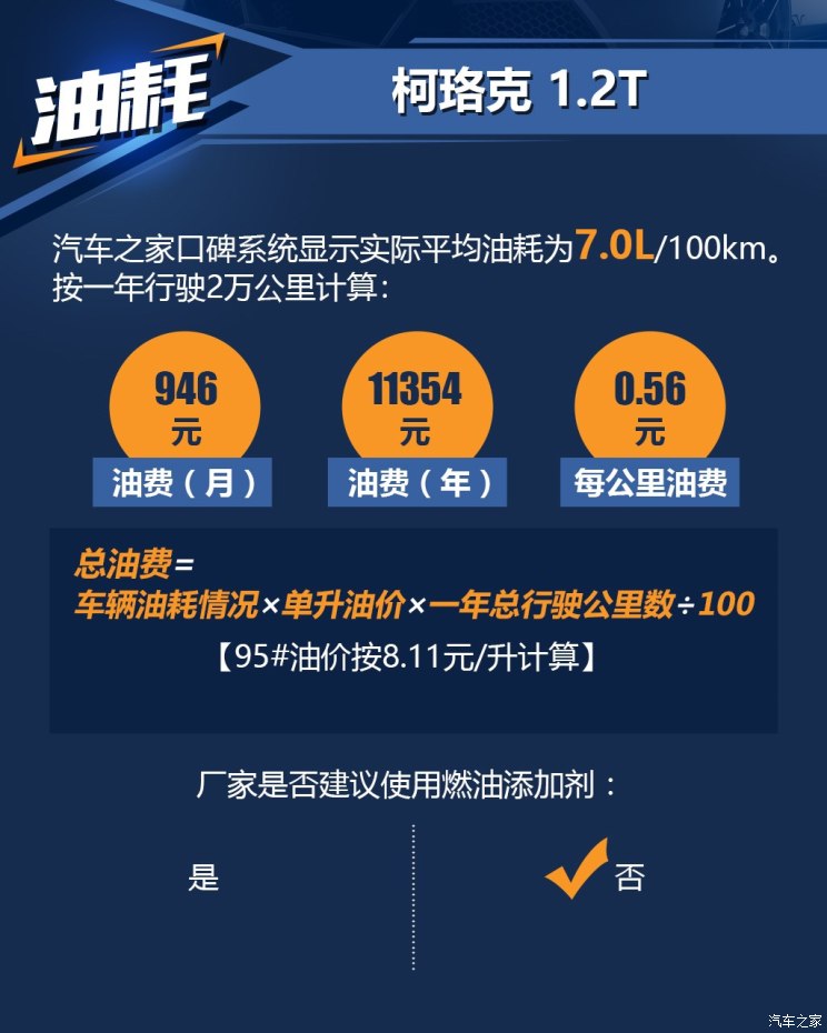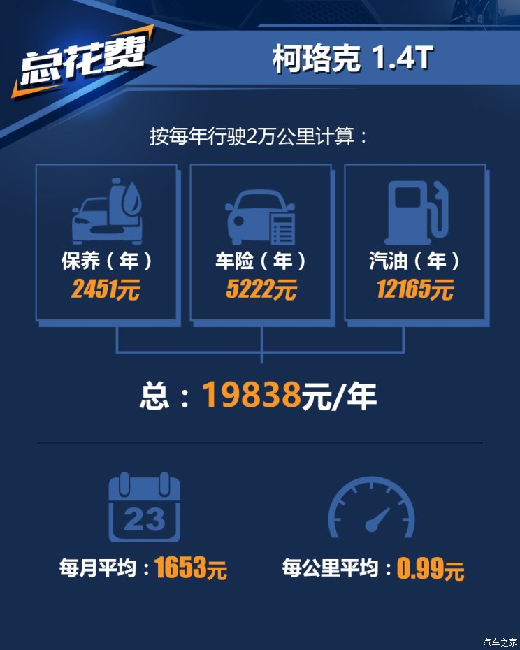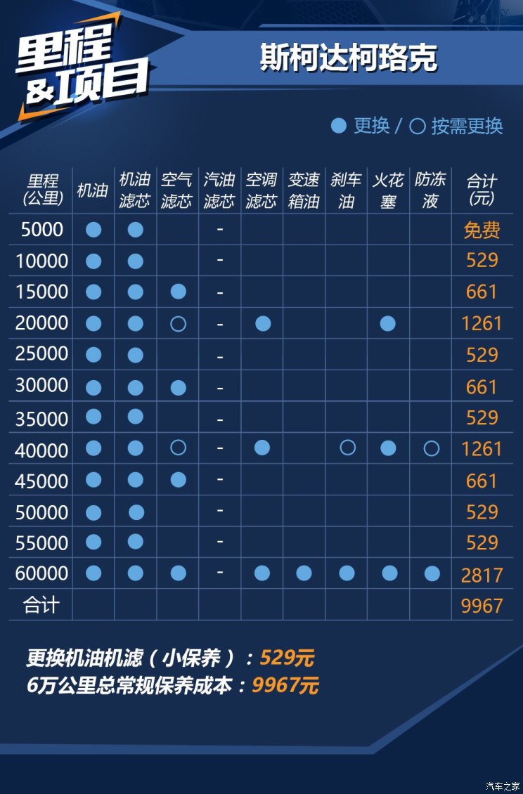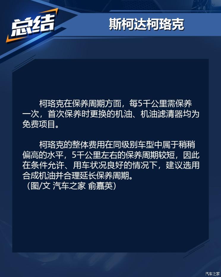 可以看出柯珞克后期成本并不像它的售价那样亲民,以3年行驶6万公里左右来估算需要9967元(仅使用原厂矿物油的情况下)的保养费用,但好在当后期成本均摊至每月或是每公里的平均成本之后,还可以为大多数消费者所接受,而导致整体保养成本稍稍偏高主要还是因为4S店要求的车辆保养里程数较短(每5千公里保养一次)。(图/文 汽车之家 俞嘉英)
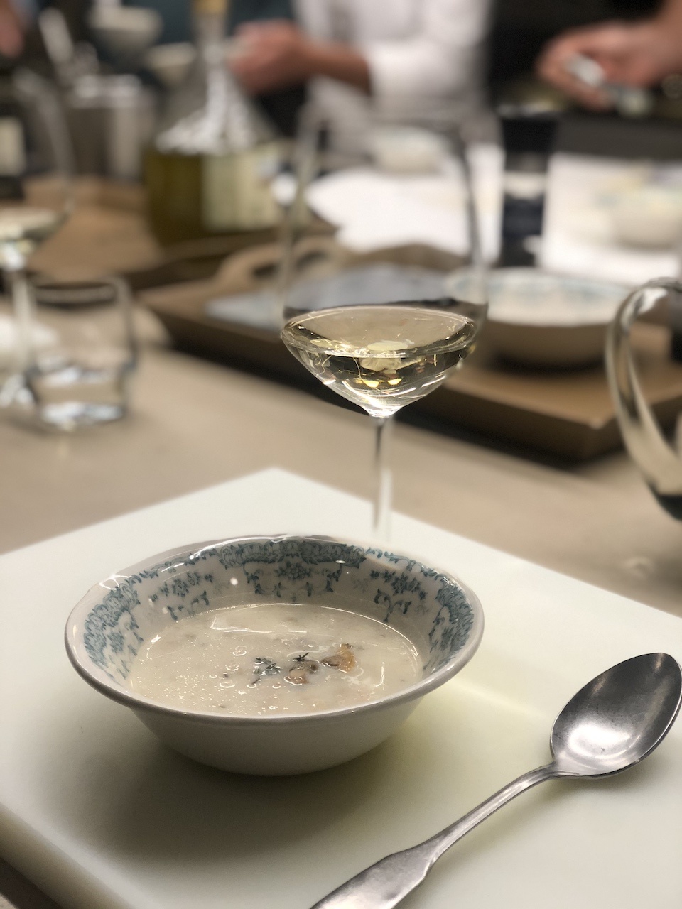 Un “clam chowder”, soupe de palourdes qu’Alice et Andrea ont appris à faire à l’école de cuisine qu’ils préfèrent à Florence “Desinare at Riccardo Barthel” (tous les cours ICI)
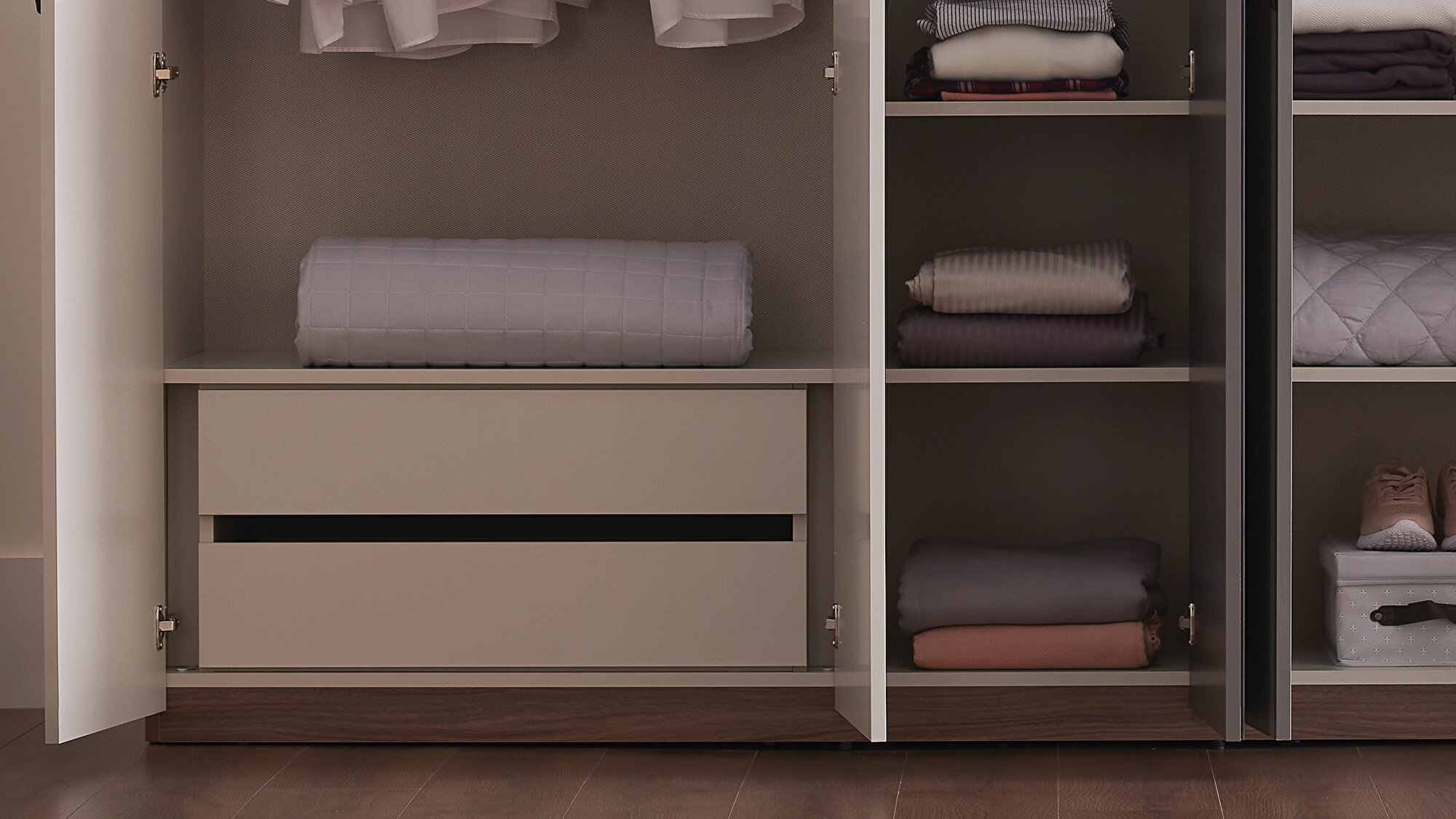 Внутренний модуль выдвижного ящика шкафа Cordell, который идеально дополняет шкафы серии Cordell с 3 и 5 дверями, выделяется своей функциональностью и решает проблему нехватки ящиков.
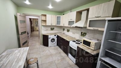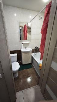 Кухня оборудована всем необходимым: холодильник, плита, микроволновая печь и стиральная машина. Есть обеденный стол и стулья. Санузел совмещенный, оснащен ванной и раковиной.
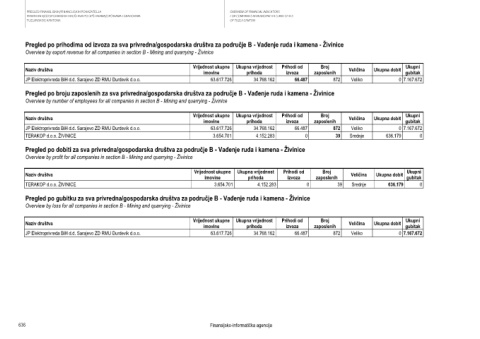 Pregled po dobiti za sva privredna/gospodarska društva za područje B - Vađenje ruda i kamena - Živinice
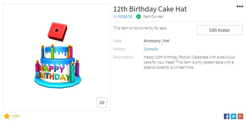 Roblox How To Get 12th Birthday Cake Hat Free Code Expired
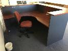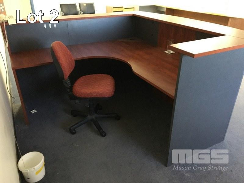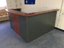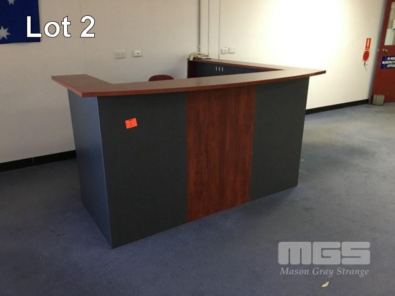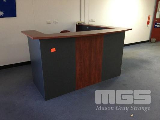 RECEPTION COUNTER, L-SHAPE, MAPLE/STORM TIMBER LAMINATE, 2000 x 2000mm WITH CLOTH GAS LIFT CHAIR, BLACK FRAME

# # #

### DIRECTIONS FOR THIS TASK
Transcribe exactly the span of lines from the line holding "Roblox How To" through the last line above, both included. Pictures stay out.

### YOUR SOLUTION
 Roblox How To Get 12th Birthday Cake Hat Free Code Expired
 RECEPTION COUNTER, L-SHAPE, MAPLE/STORM TIMBER LAMINATE, 2000 x 2000mm WITH CLOTH GAS LIFT CHAIR, BLACK FRAME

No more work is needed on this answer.